Shortly after I signed my name on the dotted line I realized that I'd purchased a home with a wet scary spider basement in a mediocre neighborhood. The neighborhood was improving steadily as time passed but unfortunately the basement was just getting worse. When Nick moved in and saw the mess that I had made of the basement he was shocked: it was at this point a realm of what seemed at first glance like hundreds of standing pools of water much like the world described in the Magicians Nephew by C.S. Lewis, the world that with a magic ring you could jump from pool to pool, world to world, and experience something new.
We quickly started working on the basement. We patched holes, we chiseled out cracks and filled them in, everything was cleaned and etched, Drilock was applied, the basement was dry, then we waited for the rain to come. It came with a vengeance and the pools of water reappeared.
Our next step was to have dozens upon dozens of contractors come out to tell us what they would do if they owned this house. They came and they told and everyone had a different story. The most outrageous of all the plans started with knocking a huge hole in the basement wall and building a conveyor belt. His bid was about three thousand dollars more than any of the other bids. All of the bids however started with one suggestion - regrade the yard.

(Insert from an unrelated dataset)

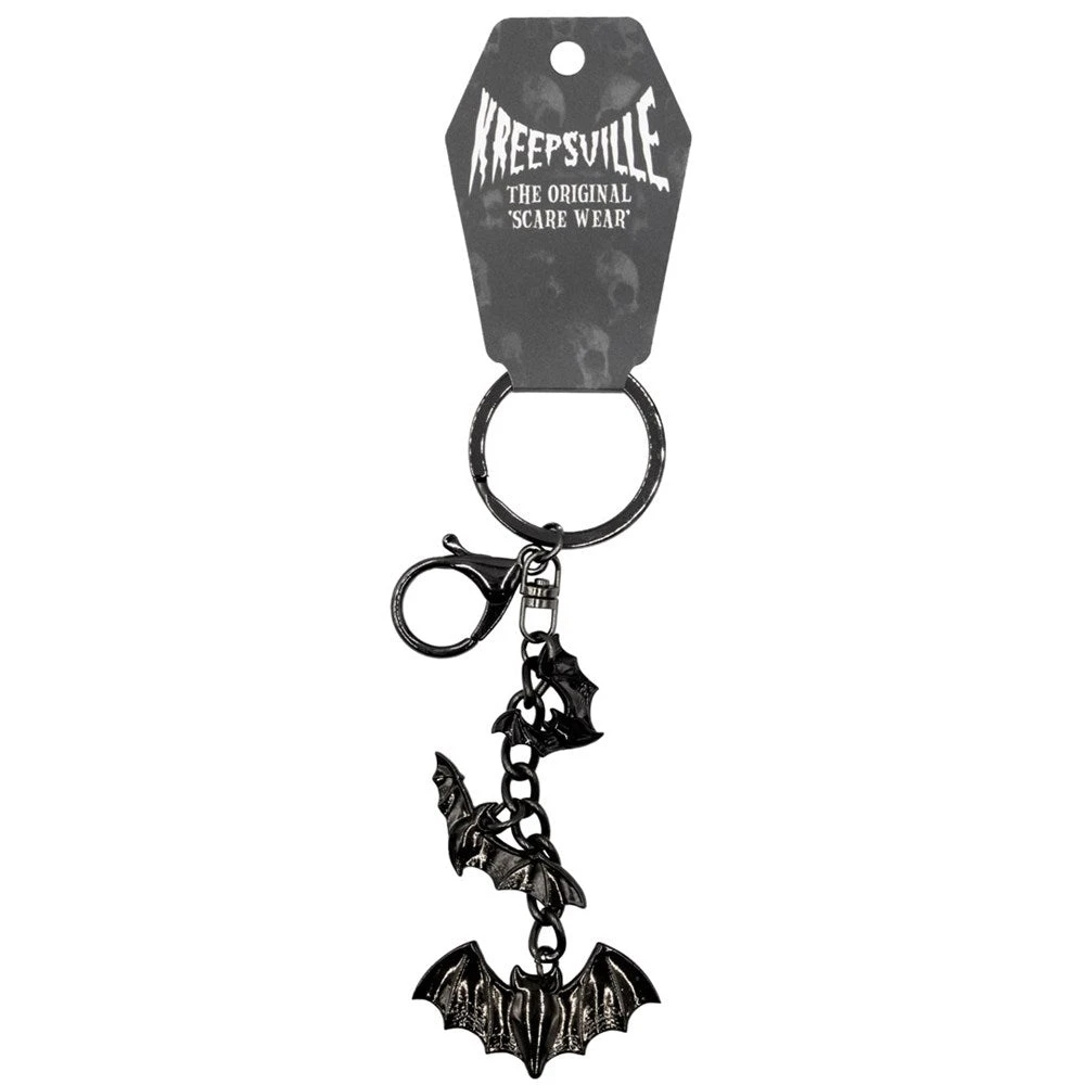 Take your keys out on a night flight with the Flying Bats Charm Keychain by Kreepsville. These three deadly-cute bats, hanging on a 2.5″ chain, are made from black alloy metal ensuring durability. Charms are attached to a 1.5″ split key ring with clip for easy attachment to your keys or perfect charm accessory for your bag. Keychain is approx. 6″ (15.2cm) long including key ring.

So we did. Or we tried to. We hired someone to come and regrade the yard, to put in a few swales and to remove the 70 years of dirt that had accumulated on the sides of the house and had built up over the siding and were causing some (in my hopes all) of the water to get into the basement. He came and starting digging and then he disappeared leaving his tractors and tools strewn around the yard. Our beautiful grass was gone and The Great Mud Pits appeared in its place. Our dogs were regaled to a tiny corner of the yard and mud began to rule our lives. For the next 3 weeks it rained almost daily and the the tractors sat. And sat. And sat.
After the sun came back into our lives the mud dried up leaving behind fossils of our former yard; remnants of grass pushing up through the cracks in the earth, parts of daffodils and tulip bulbs never to bloom again, and limbs of the four trees that had lost their battle against the dozer. The job still is looming over us and I'm in hopes that it will be done soon. I want to see what will become of our CS Lewis world in the basement and refuse to go downstairs again until the job is done. The truth is that I now want to move, I want to experience something new, but I don't have a magic ring to transport me into the next world, to the next house. For me, the magic ring will come when we have a dry basement and a buyer who really wants what I wanted: a good investment over the long run that in the meantime would provide them with a roof over their head.